Valuable information learned at this year's conference:
1)
The Photobook: A History Volume 3 will be published next year! I am a big fan of volumes 1-2 as envious as they make me of Martin Parr's book collection. Who wouldn't love a publication that prints photographs of opened books like this:
Daido Moriyama,
Bye Bye Photography, 1972
2) Speaking of Mr. Parr, he is an endearing lecturer (by far my favorite talk of the conference). He showed his undergraduate school installation of photographs displayed in a living room, discussed
Bad Weather at length, and his infatuation with collecting political ephemera, Saddam Hussein watches (he owns 85) and Osama bin Laden paraphernalia.
So Long Osama Blood Orange Soda was the biggest oddity. Throughout most of the lecture, I dreamed of where Martin Parr stores all his objects (what does his house look like? how does he organize them? does he have room for more?).
Martin Parr from
Parrworld: Objects and Postcards
He also
stressed that he is photographing fictions not realities as he
intentionally captured litter at its worst in the image
below.
Martin Parr from
The Last Resort, 1983-85
I immediately placed
Autoportrait on my interlibrary loan list when returning. Ending his lecture standing under a photograph of his head superimposed on a muscle man's body was the perfect conclusion coming from a soft spoken Englishman who excused himself for "having a frog" in the middle of his lecture.
Martin Parr
from
Autoportrait
3) Garry Winogrand is on everyone's mind since his first
retrospective in 25 years opened at SFMOMA. I tend to love the photographers who make/made work vastly different from mine and he is no exception. Cass Fey and Leslie Calmes delivered an informative lecture on his archive at the Center for Creative Photography. His contact sheets are labeled PD if they are posthumously developed. If a print is made from one of those thousands of undeveloped rolls of film he left after he died, it can never be sold or de-accessioned. It exists only in the CCP archives. Small facts about printing work posthumously that I had always wondered about.
Garry Winogrand's
Women are Beautiful on view at the Art Institute
4) Why or why wasn't Kate Palmer Albers teaching the history of photography at University of Arizona when I was in graduate school? Her lecture
Abundant Images and the Collective Sublime resonated with me on so many levels. She discussed one of my favorite contemporary photography installations:
Erik Kessels, printing every photograph uploaded onto Flickr in a 24 hour period (image
via)
Kessels piece, Penelope Umbrico's millions of sunsets,
Mark Klett and Byron Wolfe's 100 Setting Suns at the Grand Canyon, and
Gerhard Richter's Atlas were her primary examples of artists establishing mass.
Penelope Umbrico,
Suns from Sunsets from Flickr, 2006-ongoing
These artists obsessively mark time with photography. She also stressed that the "self-archive is rapidly gaining headway" as a viable form of art. Albers' talk validated my current interests in masses of objects and introduced me to new artists like
Hasan Elahi who explore surveillance and tracking in a contemporary way.

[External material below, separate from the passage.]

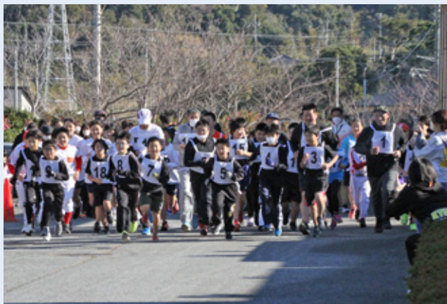
▲スタートする参加者

5) Richard Misrach's keynote lecture reminded me that I have to watch Spike Lee's follow-up to
When the Levees Broke -
If God is Willing and Da Creek Don't Rise. I've refrained for a few years but after hearing Misrach discuss his latest photographic series,
Petrochemical America, the time has come.
Richard Misrach,
Untitled, February 14, 2012, 6:19 PM
Misrach is getting closer to making portraits of people as he zooms in on the faces of swimmers. He returned to the same hotel room where he photographed
On the Beach (above) with a digital camera and telephoto lens. I don't know how I feel about those and am looking forward to seeing how they are received when he publishes them soon. I am so enamored with the vulnerable human surrounded by the sea (substitute me), I am not sure I want to know their identity.
6) SPE brought so many of my wonderful photo friends to Chicago some of which are pictured below.
James Luckett, Laurie Blakeslee, and Amelia Morris
Adam Neese in the Empire Room
Mark A. Lee after winning the Richard Misrach raffle photograph
Sneaking an image of a famous photographer...
the back of Jerry Uelsmann's head.
Wishing I had a photograph of...
me talking to Richard Misrach about our meeting in 1996.